Vinte e sete chefes
de governo de países da União Europeia deram a David Cameron o que ele queria.
Tanto os que se dizem federalistas, como os que não sabem o que são, como os
que só pensam em austeridade aceitaram levantar entraves à famosa “livre circulação”
de pessoas, outorgaram o direito de veto ao santuário neoliberal da City,
permitiram a institucionalização de um apartheid social para os imigrantes e
aceitaram que o Reino Unido esteja isento dessa gloriosa máxima da farsa
continental que obriga os Estados membros a “trabalhar por uma Europa cada vez
mais estreita”.
“Vivam e deixem-me
viver”, terá mendigado o primeiro-ministro britânico aos seus confrades,
naquela que para o fervoroso diário federalista El País foi a cimeira “mais
ignominiosa” da história da União Europeia. Do “efervescente” italiano Matteo
Renzi, a Hollande, Merkel e cada um dos 27, ninguém escapa à furibunda pena do
articulista, a imagem do estado de desespero em que caíram os fundamentalistas
da União Europeia tal como ela é, pressentindo a degradação acelerada que tem
exame decisivo no próximo 23 de Junho, a data do referendo no Reino Unido.
Falar em acordo
alcançado em Bruxelas é uma falácia para esconder um desfecho anunciado, mais
pormenor menos pormenor, no qual tudo é concedido a Cameron para que este, na
qualidade de “europeu novo” convertido por conveniência, faça campanha convicta
pelo “sim” e consiga que a União escape a uma deserção que lhe será fatal.
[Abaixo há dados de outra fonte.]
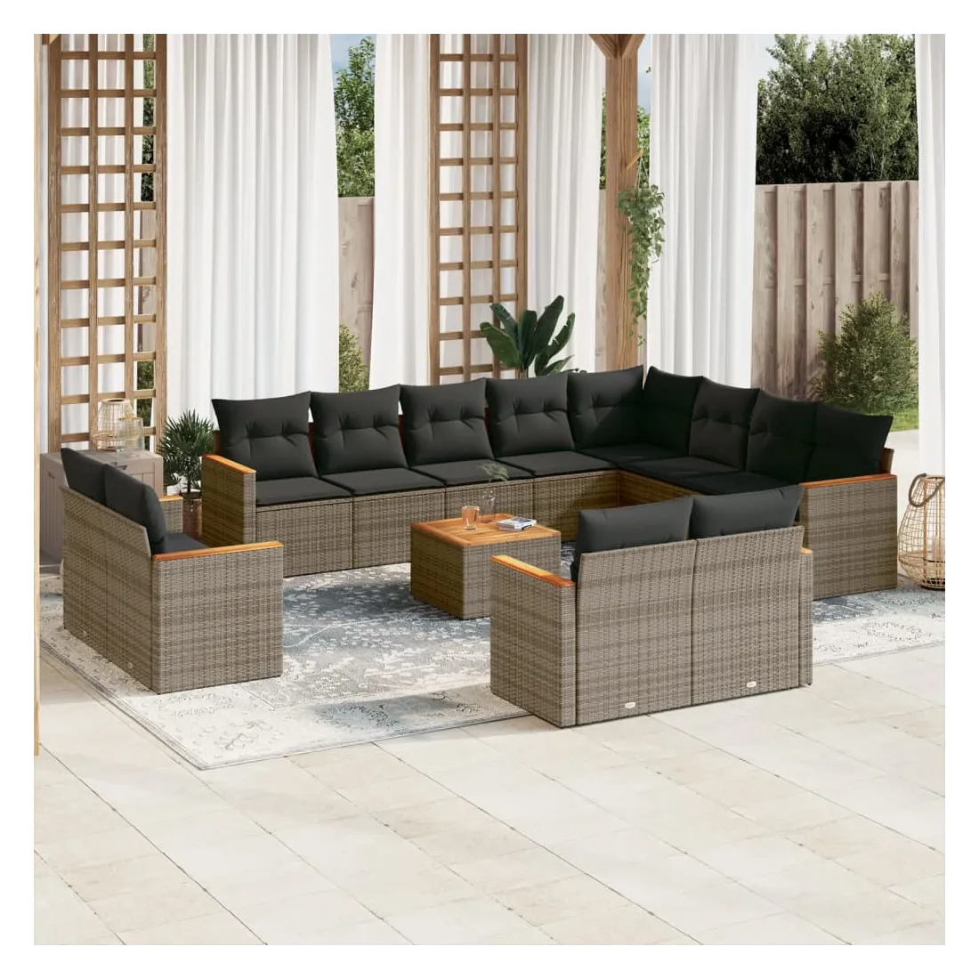 Cet ensemble de canapés de jardin est le complément parfait de votre arrière-cour, terrasse ou patio, offrant un espace confortable et accueillant pour discuter avec la famille et les amis ou simplement se détendre et profiter de l'extérieur. Matériau durable : la résine tressée, également connue sous le nom de poly rotin, est un matériau synthétique solide et nécessitant peu d'entretien qui ressemble au rotin naturel. Il est léger, facile à nettoyer et couramment utilisé pour les meubles d'extérieur en raison de sa durabilité et de ses propriétés de résistance aux intempéries.Dessus stable et facile à nettoyer : cette table de jardin a un dessus en bois d'acacia robuste, durable et facile à nettoyer avec un chiffon humide.Housse amovible et lavable : ces coussins de siège sont dotés de housses amovibles pour un lavage et un entretien faciles.Cadre robuste et stable : le cadre en acier enduit de poudre assure la solidité et la stabilité du meuble de jardin pour une utilisation quotidienne à l'extérieur.Conception modulaire : cet ensemble de meubles d'extérieur a une conception modulaire, ce qui le rend complètement flexible et facile à déplacer, afin que vous puissiez créer un agencement de meubles d'extérieur personnalisé. Bon à savoir :Pour que vos meubles d'extérieur restent beaux, nous vous recommandons de les protéger avec une housse imperméable.

Ao
pé de um “ brexit”, a hipotética saída da Grécia, que esteve em agenda há uns
tempos, é um meigo sopro comparado com um furacão.
Como se previa,
Cameron conseguiu dar xeque-mate à livre circulação de pessoas – uma espécie de
mandamento sagrado fundador da União – permitindo-lhe levantar entraves à
entrada de imigrantes, ainda que cheguem de países comunitários. Como? O
governo britânico pode suspender os direitos sociais dos novos imigrantes
durante quatro anos após o estabelecimento de contratos para desempenho de
trabalhos menos qualificados, política esta que pode ser estendida durante sete
anos.
Os dirigentes
europeus permitiram também que a City, a praça de negócios mundial e um
santuário da extorsão neoliberal, tenha direito de veto sobre decisões da
União. Na prática, se a City discordar de uma medida de instâncias europeias,
incluindo o Parlamento Europeu, o assunto regressa a Bruxelas para ser
corrigido pela Comissão.
A norma fundadora
essencial, que obriga os governos dos Estados membros a empenharem-se numa
“Europa cada vez mais estreita”, não se aplicará doravante ao Reino Unido,
concederam os 27. Isto é, Cameron conseguiu, ainda que a resposta no referendo
seja “sim”, que o Reino Unido esteja na União Europeia sem estar. Ou, como
dizem os “europeístas” sem mácula, o primeiro-ministro britânico arrancou o
privilégio de usufruir do melhor de dois mundos.
Também o Parlamento
Britânico foi contemplado com direito de veto, tornando-se assim mais
Parlamento que os restantes 27. A cimeira aceitou que qualquer projecto
legislativo europeu barrado por 55% dos deputados britânicos terá que regressar
a Bruxelas para ser emendado. Quanto aos outros parlamentos, que se submetam à
ortodoxia dos tratados, que aliás não foram referendados pela maioria dos povos.
Com tudo isto, o
Conselho Europeu pagou um preço muito alto apenas para ver. Porque existe a
noção de que, apesar das cedências e da conveniente conversão de Cameron de
eurocéptico em europeísta, será difícil que estas cedências se repercutam no
comportamento do eleitorado britânico.
Ao contrário do que
apregoam os instrumentos de propaganda europeístas, a oposição dos britânicos à
continuação na União Europeia não é um exclusivo das correntes populistas,
neofascistas e das eurocépticas no interior do Partido Conservador. O
descontentamento é transversal à sociedade, abrange sectores de todas as
correntes políticas, o que se reflecte na existência de três frentes sociais e
políticas plurais que irão fazer campanha pelo “não”. Não é apenas a questão da
soberania que está em causa, da qual podem queixar-se todos os povos da União
Europeia, com maioria de razão os dos países do euro - o que nem sequer é o
caso do Reino Unido. O que vem ao de cima nos temas em debate entre os
britânicos são as consequências gravosas das políticas de austeridade, das
privatizações destruindo os serviços públicos, da eliminação de direitos e
sociais e laborais decorrentes da política de integração europeia cumprindo a
agenda neoliberal, da ampliação brutal do fosso das desigualdades.
Os factores de caos
social enumerados são comuns e toda a União e não atingem apenas os britânicos.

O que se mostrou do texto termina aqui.